- _What to produce_
Scan the records below. List lines holding "синий".

Records from a dataset
╭──
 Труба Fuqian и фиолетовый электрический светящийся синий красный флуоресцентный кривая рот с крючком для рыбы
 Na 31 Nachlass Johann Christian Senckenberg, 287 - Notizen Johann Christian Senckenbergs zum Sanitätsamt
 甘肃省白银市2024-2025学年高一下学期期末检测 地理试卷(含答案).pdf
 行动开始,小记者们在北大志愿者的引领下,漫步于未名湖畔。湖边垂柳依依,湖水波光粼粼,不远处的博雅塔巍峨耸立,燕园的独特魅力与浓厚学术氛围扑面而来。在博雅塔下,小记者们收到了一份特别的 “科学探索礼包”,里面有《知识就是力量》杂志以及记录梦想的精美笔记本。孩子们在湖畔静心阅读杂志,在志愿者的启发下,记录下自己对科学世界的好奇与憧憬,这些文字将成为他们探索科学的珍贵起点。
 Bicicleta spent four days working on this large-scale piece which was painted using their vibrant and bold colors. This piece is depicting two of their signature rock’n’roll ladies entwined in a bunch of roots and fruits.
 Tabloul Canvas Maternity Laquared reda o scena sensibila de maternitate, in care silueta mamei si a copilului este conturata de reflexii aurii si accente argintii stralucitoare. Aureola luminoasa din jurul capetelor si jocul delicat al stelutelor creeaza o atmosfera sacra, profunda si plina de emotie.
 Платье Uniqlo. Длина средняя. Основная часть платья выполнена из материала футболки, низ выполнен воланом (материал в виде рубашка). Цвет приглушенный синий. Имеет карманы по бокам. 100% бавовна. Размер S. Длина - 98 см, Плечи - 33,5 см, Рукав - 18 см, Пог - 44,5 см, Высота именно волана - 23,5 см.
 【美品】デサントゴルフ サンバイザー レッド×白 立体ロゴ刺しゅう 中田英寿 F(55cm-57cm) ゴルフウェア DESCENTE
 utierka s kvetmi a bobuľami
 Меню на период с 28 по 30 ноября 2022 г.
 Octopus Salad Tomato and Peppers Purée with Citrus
╰──
- _Solution for this task_
 Труба Fuqian и фиолетовый электрический светящийся синий красный флуоресцентный кривая рот с крючком для рыбы
 Платье Uniqlo. Длина средняя. Основная часть платья выполнена из материала футболки, низ выполнен воланом (материал в виде рубашка). Цвет приглушенный синий. Имеет карманы по бокам. 100% бавовна. Размер S. Длина - 98 см, Плечи - 33,5 см, Рукав - 18 см, Пог - 44,5 см, Высота именно волана - 23,5 см.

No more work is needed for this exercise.